Samples | Moisture (%) | Fat (%) | Ash (%) | Protein (%) | Crude fiber (%) | Carbohydrates (%) |
---|---|---|---|---|---|---|
RBP (100 %) | 8.2 ± 0.02a | 11.8 ± 0.12a | 7.5 ± 0.01a | 9.9 ± 0.02a | 9.8 ± 0.05a | 52.8 |
RBPR (66 %) | 10.1 ± 0.05b | 12.4 ± 0.02a | 7.1 ± 0.01b | 6.5 ± 0.52b | 6.1 ± 0.02b | 57.8 |
RBPE (34 %) | 6.7 ± 0.01c | 10.7 ± 0.01b | 7.2 ± 0.04b | 3.2 ± 0.12c | 3.3 ± 0.08c | 68.9 |
RBS (100 %) | 0.9 ± 0.1d | 16.1 ± 0.25c | 7.6 ± 0.02a | 10.4 ± 0.4a | 10.5 ± 0.01d | 54.5 |
RBSR (60 %) | 21.6 ± 0.32e | 10.3 ± 0.08b | 6.4 ± 0.08c | 5.9 ± 0.1b | 5.8 ± 0.06b | 50.0 |
RBSE (40 %) | 12.8 ± 0.44f | 15.8 ± 0.32c | 7.3 ± 0.24ab | 4.8 ± 0.22d | 4.4 ± 0.01e | 54.9 |
CC (100 %) | 9.9 ± 0.0ba | 9.4 ± 0.01d | 4.9 ± 0.06d | 17.8 ± 0.1e | 10.3 ± 0.08d | 47.7 |
CCR (74 %) | 8.2 ± 0.01a | 7.7 ± 0.04e | 3.3 ± 0.29e | 12.2 ± 0.35f | 7.2 ± 0.05f | 61.4 |
CCE (26 %) | 27.4 ± 0.06g | 0.0 | 7.3 ± 0.24ab | 4.9 ± 0.36d | 2.7 ± 0.1g | 57.7 |
SC (100 %) | 9.2 ± 0.33ab | 9.3 ± 0.14d | 8.9 ± 0.16f | 34.0 ± 0.22g | 8.2 ± 0.08h | 30.4 |
SCR (83 %) | 8.9 ± 0.01ab | 10.4 ± 0.08b | 9.0 ± 0.44f | 25.4 ± 0.42h | 6.1 ± 0.2b | 40.2 |
SCE (17 %) | 26.2 ± 0.12h | 2.1 ± 0.04f | 8.7 ± 0.05f | 6.9 ± 0.02b | 1.9 ± 0.06i | 54.2 |
Values reported are mean ± SD (n = 6). Values in columns followed by different superscripts are significantly different (p < 0.05)

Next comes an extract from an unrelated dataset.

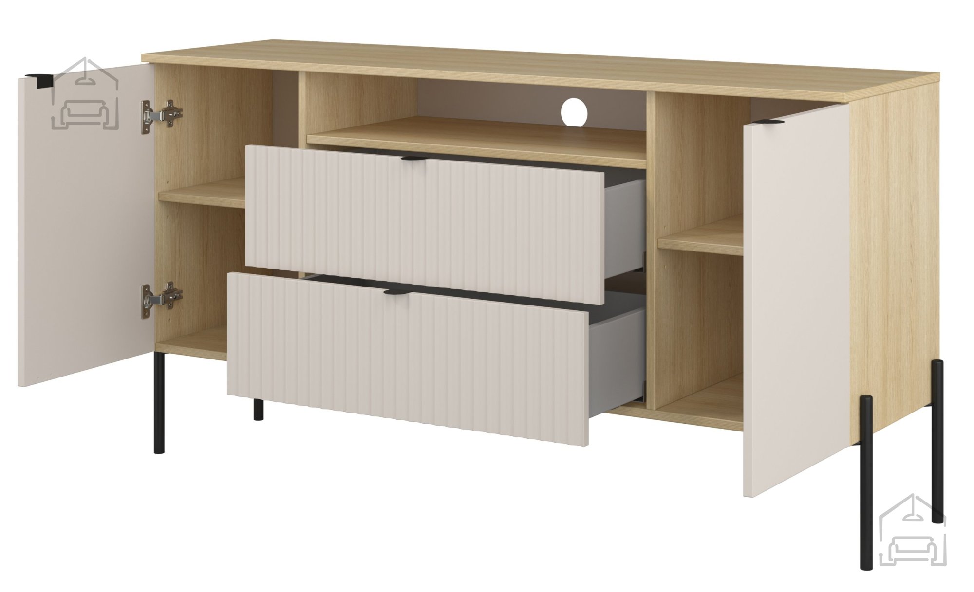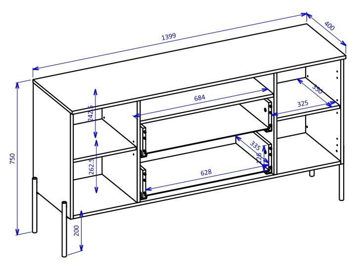 Takšne mere omogočajo optimalno razmerje med prostornostjo in kompaktnostjo. Korpus ponuja dovolj prostora za shranjevanje, ne da bi vizualno obremenil prostor. V kombinaciji z drugimi elementi je primeren za večnamensko uporabo – kot nizka komoda, TV omarica ali del večjega sestava.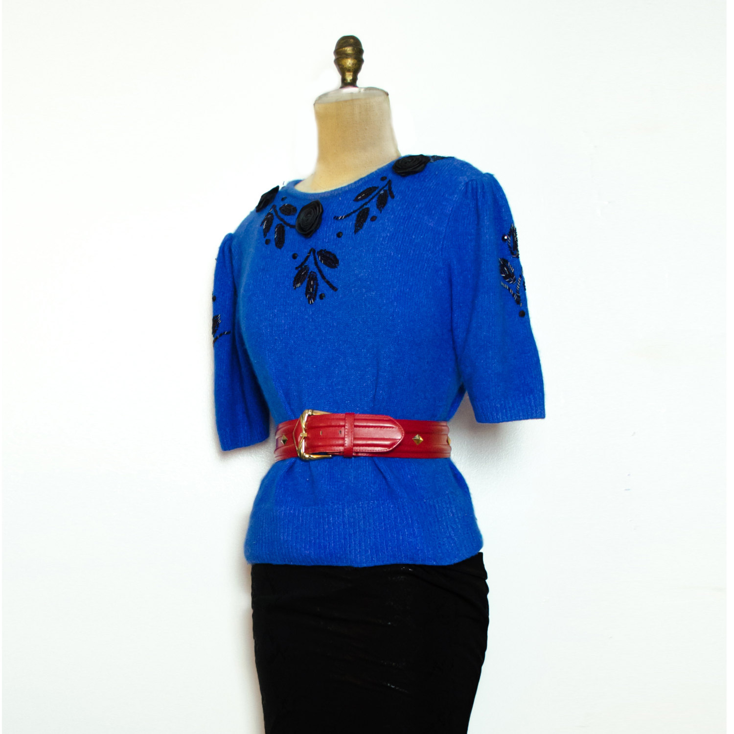 Home - Vtg Royal M / L Blue Sweater Top Shirt w/ Black Roses Rosettes Silk Beaded Beads Short Sleeve Medium Large Angora

RBP Rice bran pellets, RBPR Rice bran pellets residue, RBPE Rice bran pellets extract, RBS Rice bran stabilized, RBSR Rice bran stabilized residue, RBSE Rice bran stabilized extract, CC Copra cake, CCR Copra cake residue, CCE Copra cake extract, SC Sesame cake, SCR Sesame cake residue, SCE Sesame cake extract
The protein content of products decreased significantly (p < 0.05) on cooking. Protein digestibility was found to decrease with formation of isopeptides and highly polymer protein fractions during heat treatments (Yagoub et al. 2004). The protein content was in the range of 3.18–33.87 %. SC is a by-product of sesame oil industry, an excellent source of protein and used as a value added products for the incorporation of food products (Escamilla-Silva et al. 2003). The protein content of SC was more (33.87 %) comparable to CC, RBP and SRB. CC had a protein content of 17.83 % and RBP and SRB were in the range of 3.18–10.42 %. The crude fiber was in the range of 1.9–10.5 %.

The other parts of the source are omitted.